_Assignment_
Apart from the pictures, every entry below should be repeated exactly.

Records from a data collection
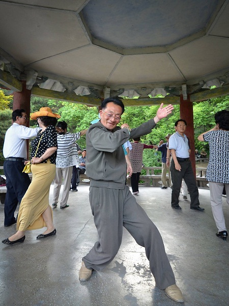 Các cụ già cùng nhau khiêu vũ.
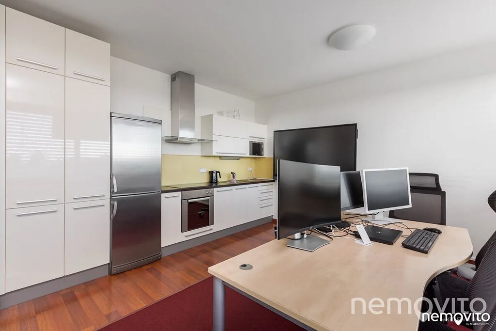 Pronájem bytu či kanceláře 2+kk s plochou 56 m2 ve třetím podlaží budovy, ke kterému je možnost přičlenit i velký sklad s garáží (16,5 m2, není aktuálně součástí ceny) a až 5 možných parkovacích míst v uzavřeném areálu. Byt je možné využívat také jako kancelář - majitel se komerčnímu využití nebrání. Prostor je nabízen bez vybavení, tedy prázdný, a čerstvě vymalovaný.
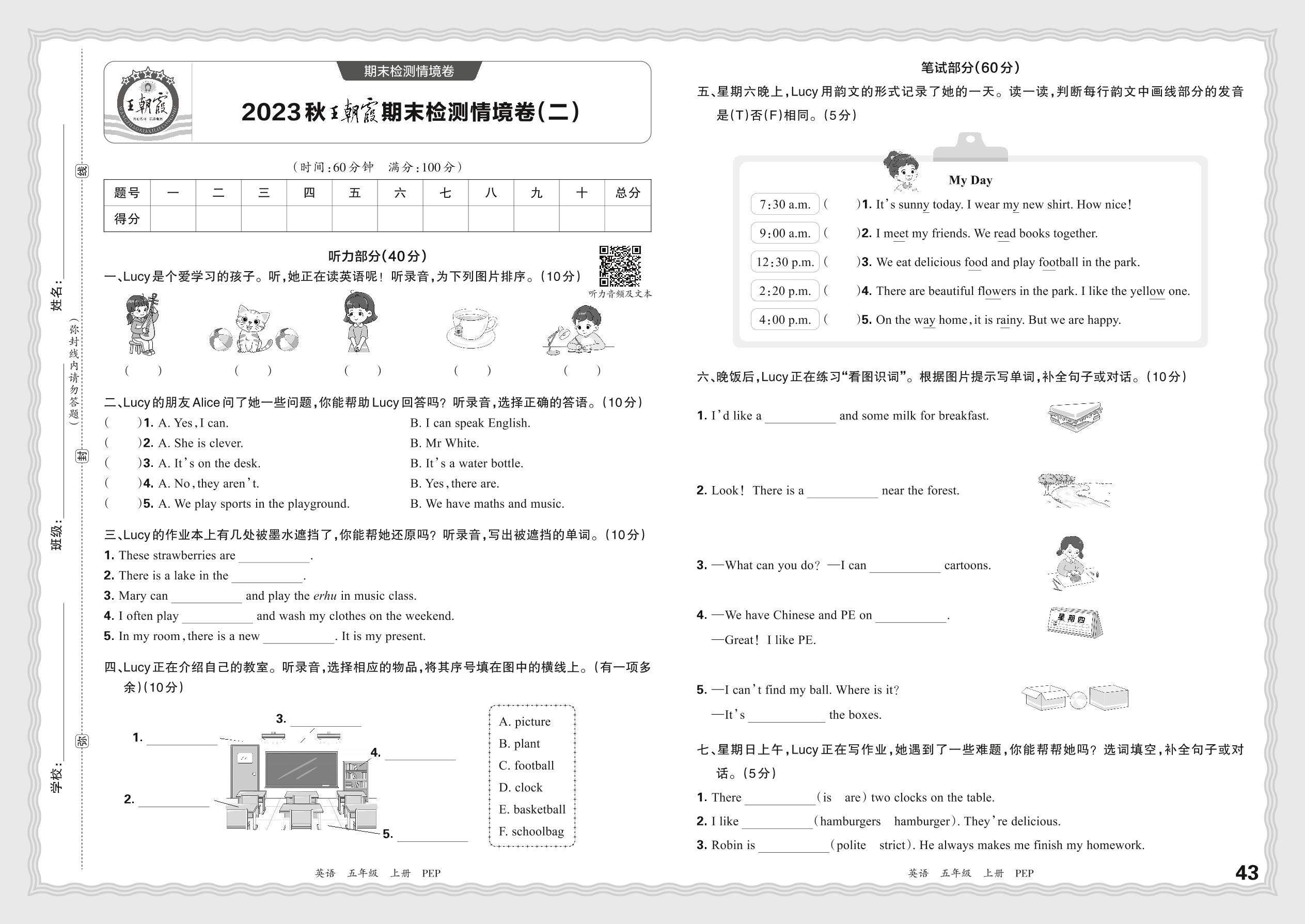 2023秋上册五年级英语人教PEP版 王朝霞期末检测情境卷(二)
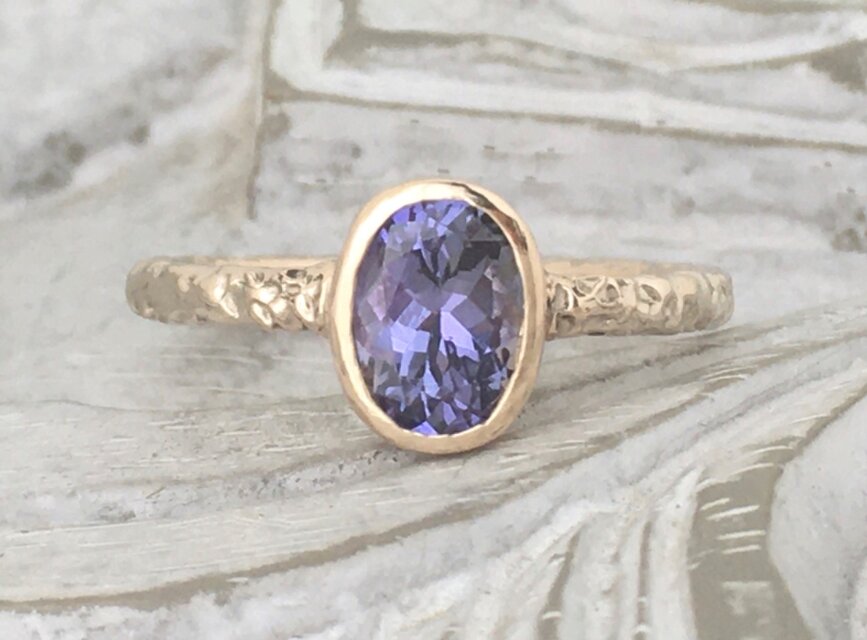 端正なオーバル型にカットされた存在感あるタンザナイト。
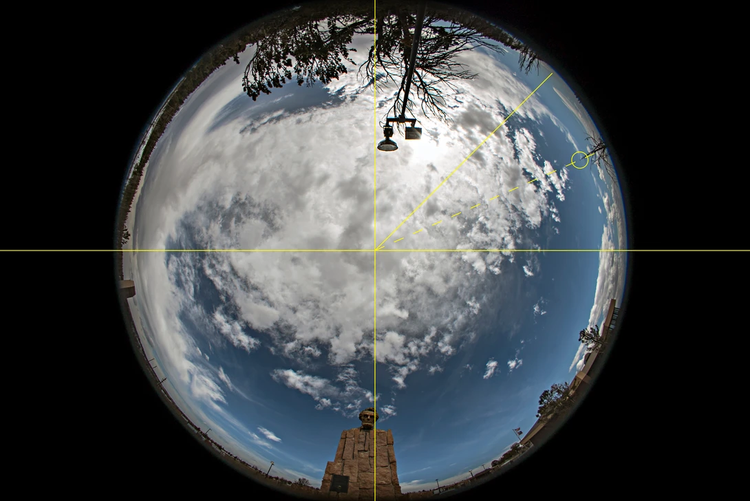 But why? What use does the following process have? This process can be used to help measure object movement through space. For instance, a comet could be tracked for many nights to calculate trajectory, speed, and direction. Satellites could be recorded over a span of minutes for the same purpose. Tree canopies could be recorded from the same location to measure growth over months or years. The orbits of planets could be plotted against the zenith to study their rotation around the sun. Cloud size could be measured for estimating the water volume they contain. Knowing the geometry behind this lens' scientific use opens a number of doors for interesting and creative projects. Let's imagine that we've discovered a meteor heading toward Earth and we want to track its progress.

_Solved problem_
 Các cụ già cùng nhau khiêu vũ.
 Pronájem bytu či kanceláře 2+kk s plochou 56 m2 ve třetím podlaží budovy, ke kterému je možnost přičlenit i velký sklad s garáží (16,5 m2, není aktuálně součástí ceny) a až 5 možných parkovacích míst v uzavřeném areálu. Byt je možné využívat také jako kancelář - majitel se komerčnímu využití nebrání. Prostor je nabízen bez vybavení, tedy prázdný, a čerstvě vymalovaný.
 2023秋上册五年级英语人教PEP版 王朝霞期末检测情境卷(二)
 端正なオーバル型にカットされた存在感あるタンザナイト。
 But why? What use does the following process have? This process can be used to help measure object movement through space. For instance, a comet could be tracked for many nights to calculate trajectory, speed, and direction. Satellites could be recorded over a span of minutes for the same purpose. Tree canopies could be recorded from the same location to measure growth over months or years. The orbits of planets could be plotted against the zenith to study their rotation around the sun. Cloud size could be measured for estimating the water volume they contain. Knowing the geometry behind this lens' scientific use opens a number of doors for interesting and creative projects. Let's imagine that we've discovered a meteor heading toward Earth and we want to track its progress.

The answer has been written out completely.